Collected data entries:

□ □ □

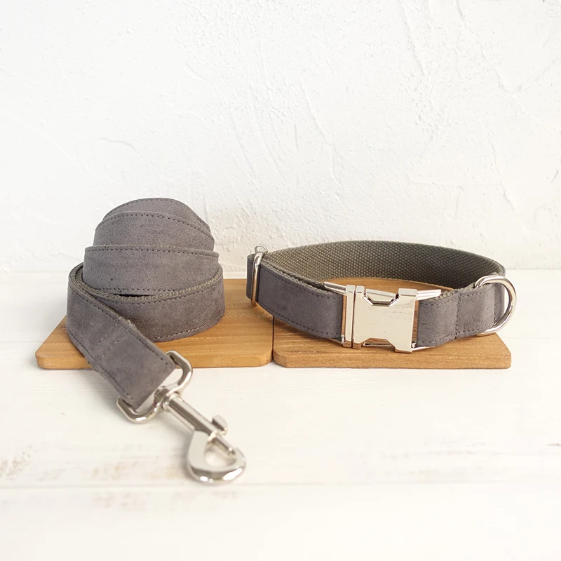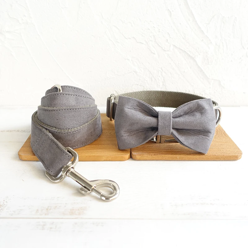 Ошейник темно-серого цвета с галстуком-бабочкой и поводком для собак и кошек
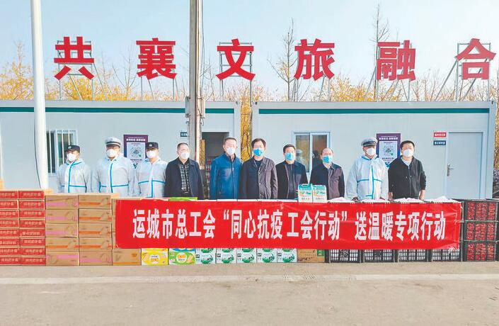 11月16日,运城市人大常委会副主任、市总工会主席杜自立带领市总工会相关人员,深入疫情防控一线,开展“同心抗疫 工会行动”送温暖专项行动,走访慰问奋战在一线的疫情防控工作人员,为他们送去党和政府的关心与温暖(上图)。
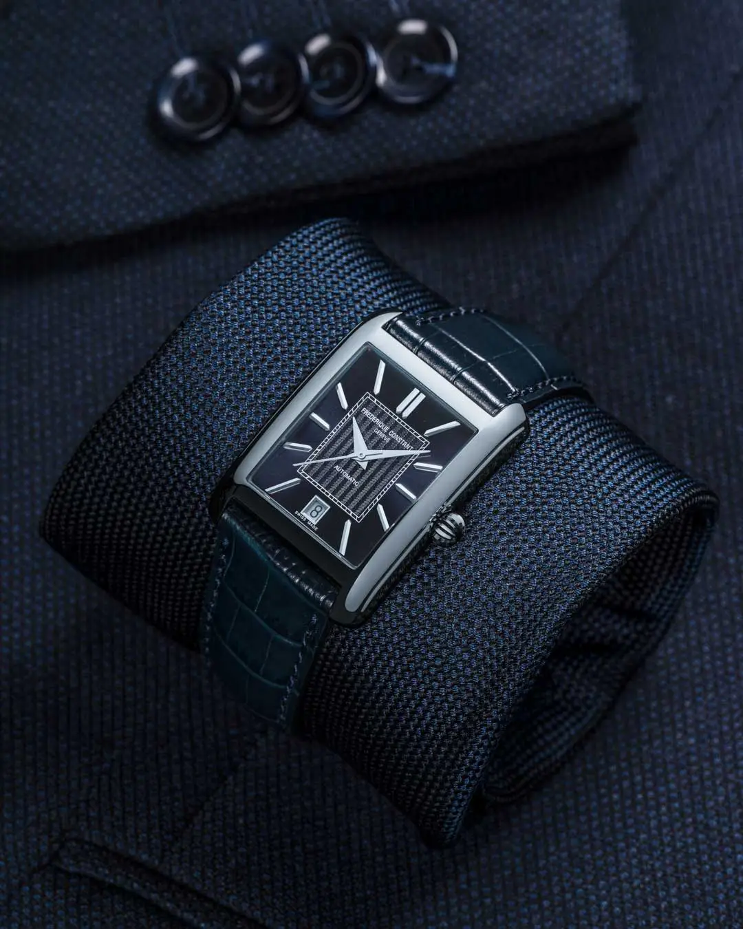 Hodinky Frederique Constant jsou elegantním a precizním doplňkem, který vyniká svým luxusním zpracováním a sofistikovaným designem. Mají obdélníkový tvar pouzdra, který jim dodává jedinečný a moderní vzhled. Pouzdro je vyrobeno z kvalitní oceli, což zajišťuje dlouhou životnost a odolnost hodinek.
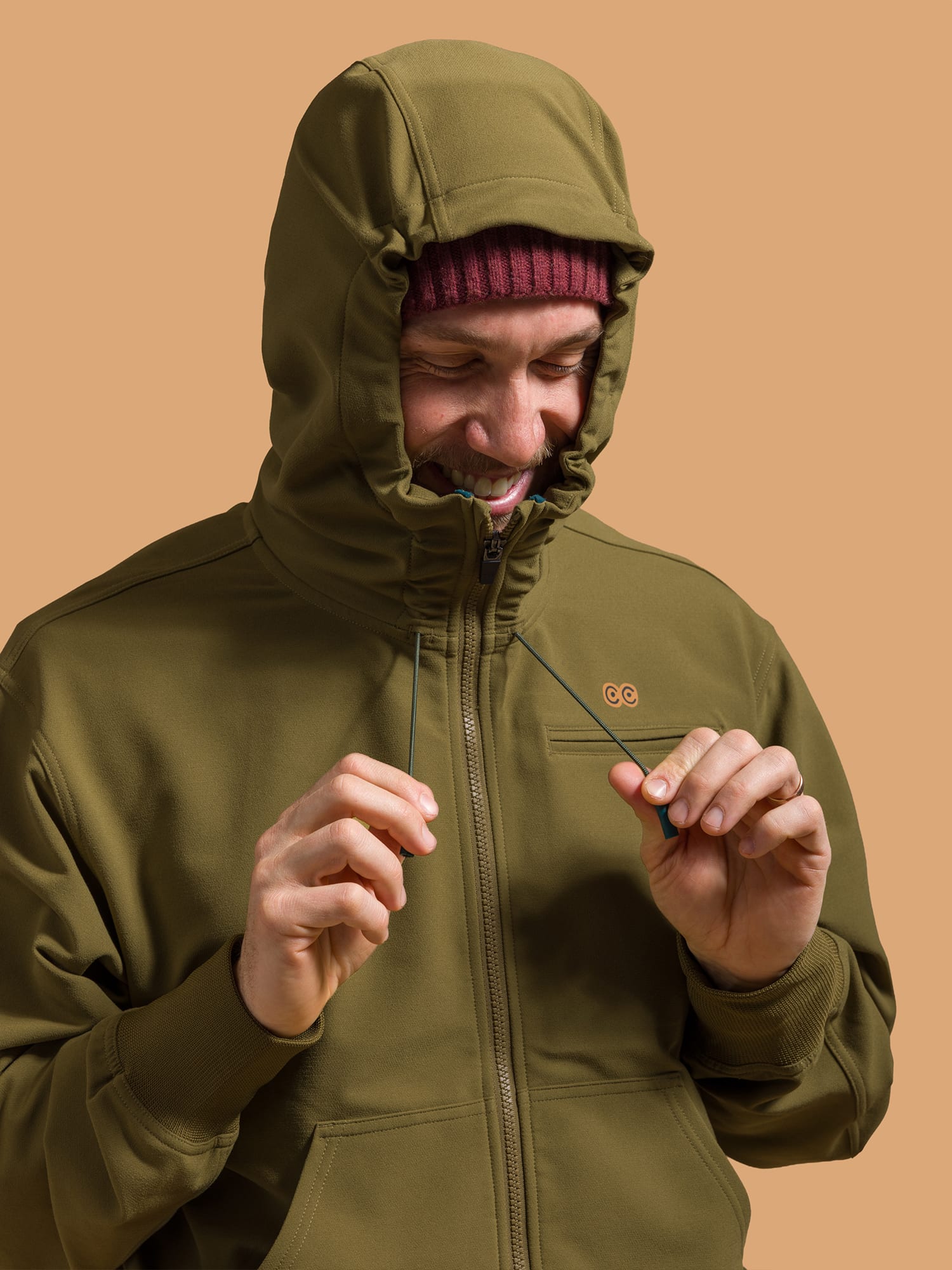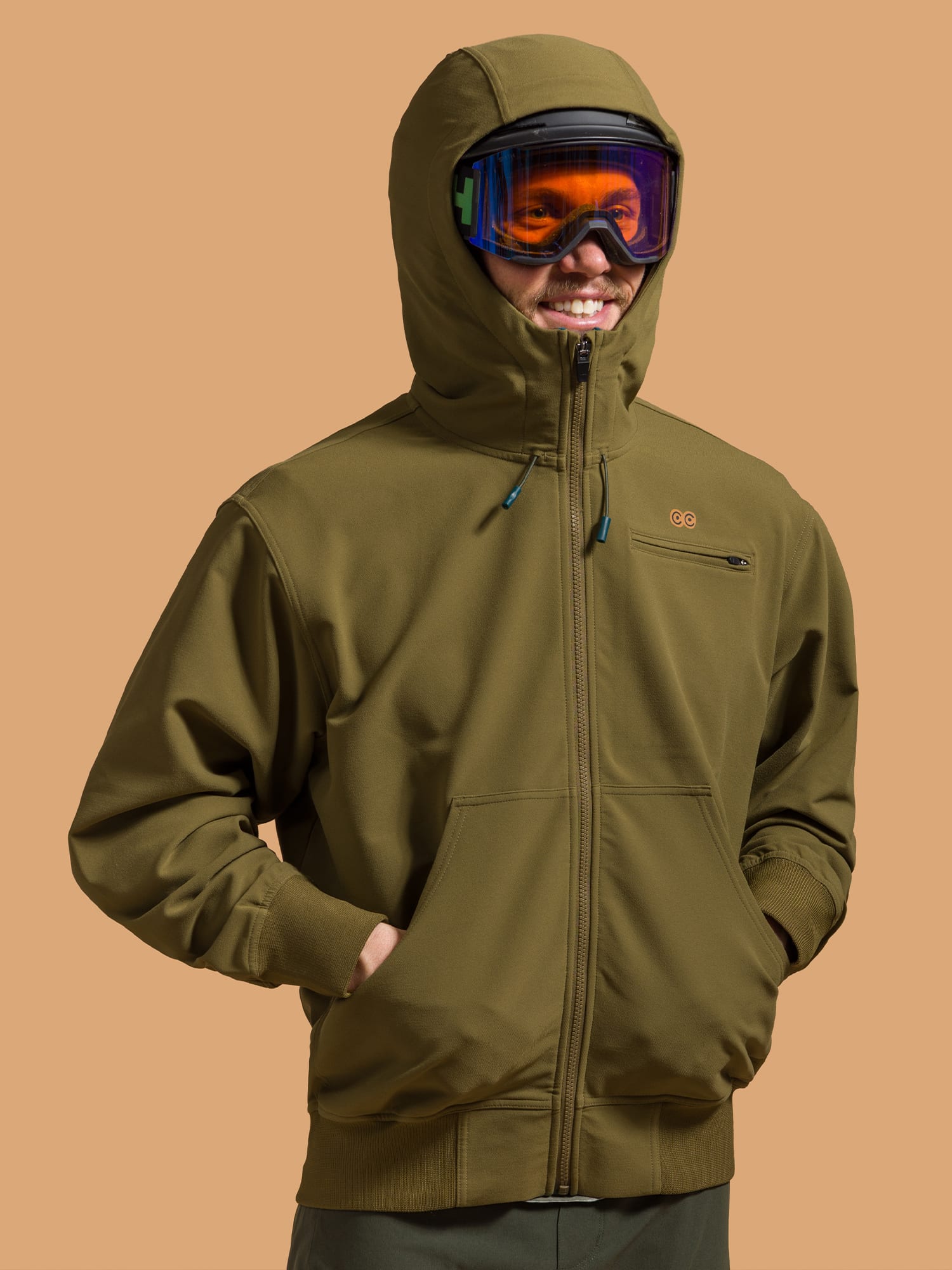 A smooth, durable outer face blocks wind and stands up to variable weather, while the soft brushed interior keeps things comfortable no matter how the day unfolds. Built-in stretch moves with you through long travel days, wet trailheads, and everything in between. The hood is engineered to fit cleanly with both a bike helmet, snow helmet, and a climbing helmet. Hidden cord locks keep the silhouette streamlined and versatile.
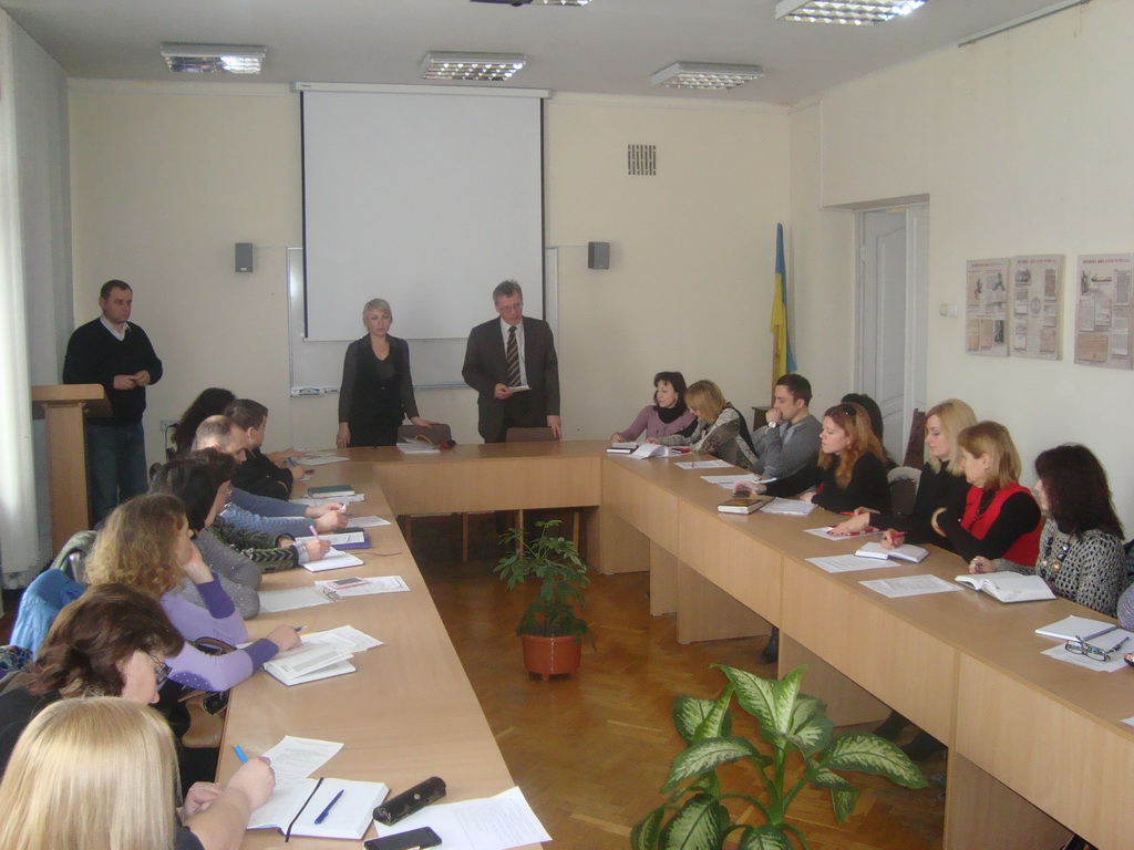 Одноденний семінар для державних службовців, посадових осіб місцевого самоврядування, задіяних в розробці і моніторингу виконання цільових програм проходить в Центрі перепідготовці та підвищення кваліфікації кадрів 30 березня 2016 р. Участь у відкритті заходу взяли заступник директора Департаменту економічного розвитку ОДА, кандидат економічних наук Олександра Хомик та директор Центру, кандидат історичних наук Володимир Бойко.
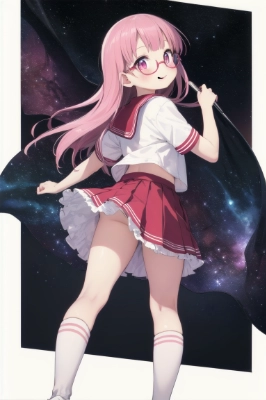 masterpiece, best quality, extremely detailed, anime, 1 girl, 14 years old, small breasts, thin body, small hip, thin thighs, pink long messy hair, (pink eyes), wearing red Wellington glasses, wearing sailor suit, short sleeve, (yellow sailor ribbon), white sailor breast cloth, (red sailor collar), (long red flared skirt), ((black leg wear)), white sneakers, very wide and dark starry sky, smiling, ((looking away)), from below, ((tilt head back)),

□ □ □

Work to be completed
Each entry above is to be written out exactly. The pictures stay out.

Solution to this exercise
 Ошейник темно-серого цвета с галстуком-бабочкой и поводком для собак и кошек
 11月16日,运城市人大常委会副主任、市总工会主席杜自立带领市总工会相关人员,深入疫情防控一线,开展“同心抗疫 工会行动”送温暖专项行动,走访慰问奋战在一线的疫情防控工作人员,为他们送去党和政府的关心与温暖(上图)。
 Hodinky Frederique Constant jsou elegantním a precizním doplňkem, který vyniká svým luxusním zpracováním a sofistikovaným designem. Mají obdélníkový tvar pouzdra, který jim dodává jedinečný a moderní vzhled. Pouzdro je vyrobeno z kvalitní oceli, což zajišťuje dlouhou životnost a odolnost hodinek.
 A smooth, durable outer face blocks wind and stands up to variable weather, while the soft brushed interior keeps things comfortable no matter how the day unfolds. Built-in stretch moves with you through long travel days, wet trailheads, and everything in between. The hood is engineered to fit cleanly with both a bike helmet, snow helmet, and a climbing helmet. Hidden cord locks keep the silhouette streamlined and versatile.
 Одноденний семінар для державних службовців, посадових осіб місцевого самоврядування, задіяних в розробці і моніторингу виконання цільових програм проходить в Центрі перепідготовці та підвищення кваліфікації кадрів 30 березня 2016 р. Участь у відкритті заходу взяли заступник директора Департаменту економічного розвитку ОДА, кандидат економічних наук Олександра Хомик та директор Центру, кандидат історичних наук Володимир Бойко.
 masterpiece, best quality, extremely detailed, anime, 1 girl, 14 years old, small breasts, thin body, small hip, thin thighs, pink long messy hair, (pink eyes), wearing red Wellington glasses, wearing sailor suit, short sleeve, (yellow sailor ribbon), white sailor breast cloth, (red sailor collar), (long red flared skirt), ((black leg wear)), white sneakers, very wide and dark starry sky, smiling, ((looking away)), from below, ((tilt head back)),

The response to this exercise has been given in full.